Can there even be an a-priori action pattern when you are thinking up something that hasn't been thought of before? The urge to think up new things, sure, some procedure surrounding it for planning and documentation, sure, but the ways we come up with new things differ as much, and often are as new as, the very things we come up with. So I think the very fuzzy process, if any, of designing/inventing new things could well be an exception.

Saying "designing" is an action pattern by itself doesn't refute this; you could black-box everything and call it an "action pattern" even when there is no pattern to be found, making your hypothesis unfalsifiable and therefore less than useful 8-).

I believe there is much like a puffer fish or a bird design a nest and look like elaborate designs that humans would have hard time replicating. We design electronic boards as a utility for enabling better living standards much like other species cater their nest to ensure a better livelihood (more suitable mate, offspring etc). If you like we just make a design within a design. There is a transference of the design from the raw copulation stage to the more modern that demands a tool . Also note how many of our designs replicate shapes in nature or concepts found in nature even if they are electronic.

Can there even be an a-priori action pattern when you are thinking up something that hasn't been thought of before?
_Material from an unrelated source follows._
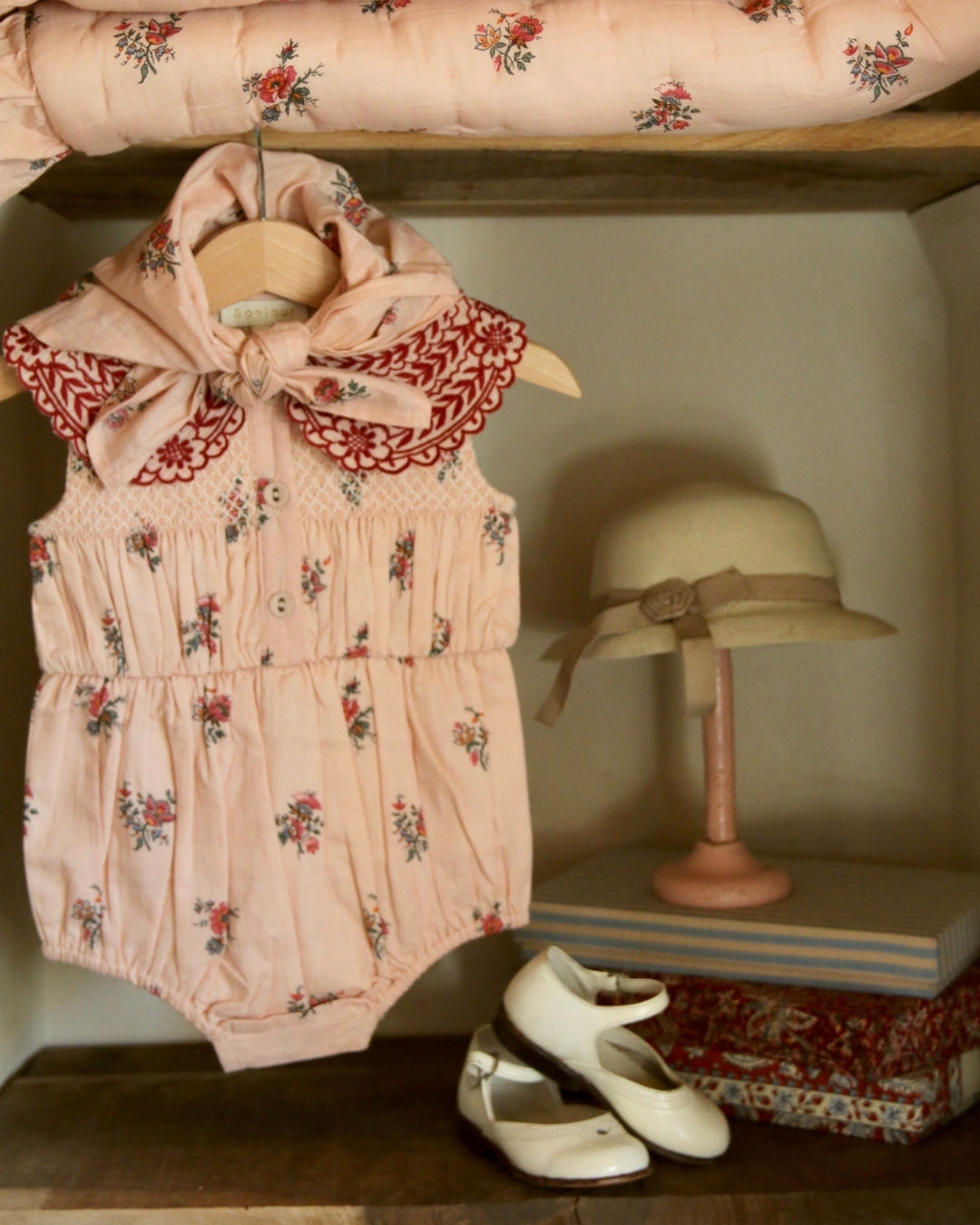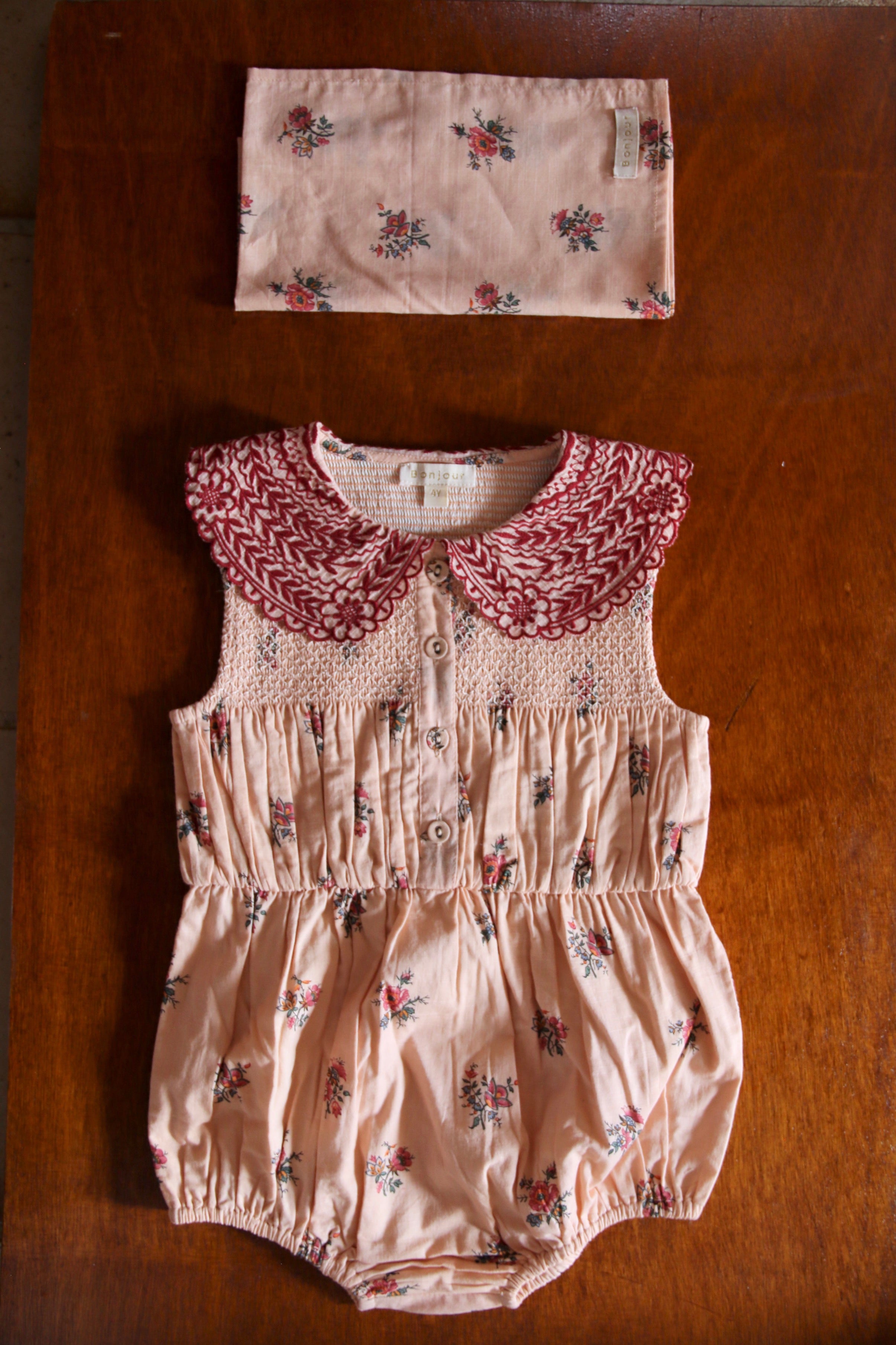 Bonjour Diary - Romper With Scarf Pink Garden Flowers Print

it is possible but i think improbable due to the sheer number of people under globalisation being exposed on a daily basis to the same stimuli.

Note how I said "derivative". We can falsify the original fixed-action-patterns. not the derivatives.

Hm. I'm unconvinced 8-). I think designing/inventing requires unlearning of, and letting go of, action patterns rather than using them. The urge to invent may be an action pattern, the end result may look like an action pattern or design already found in nature, but I doubt action patterns play a role in the actual designing/inventing. I think things like General Relativity Theory, or even Phase Locked Loops, were thought up without following any action pattern, but rather by ignoring existing action patterns and letting something else take over, the undefinable creativity, where real intelligence, the ability to solve new problems without instruction, takes over from standard operating procedures the majority of humankind uses to get by.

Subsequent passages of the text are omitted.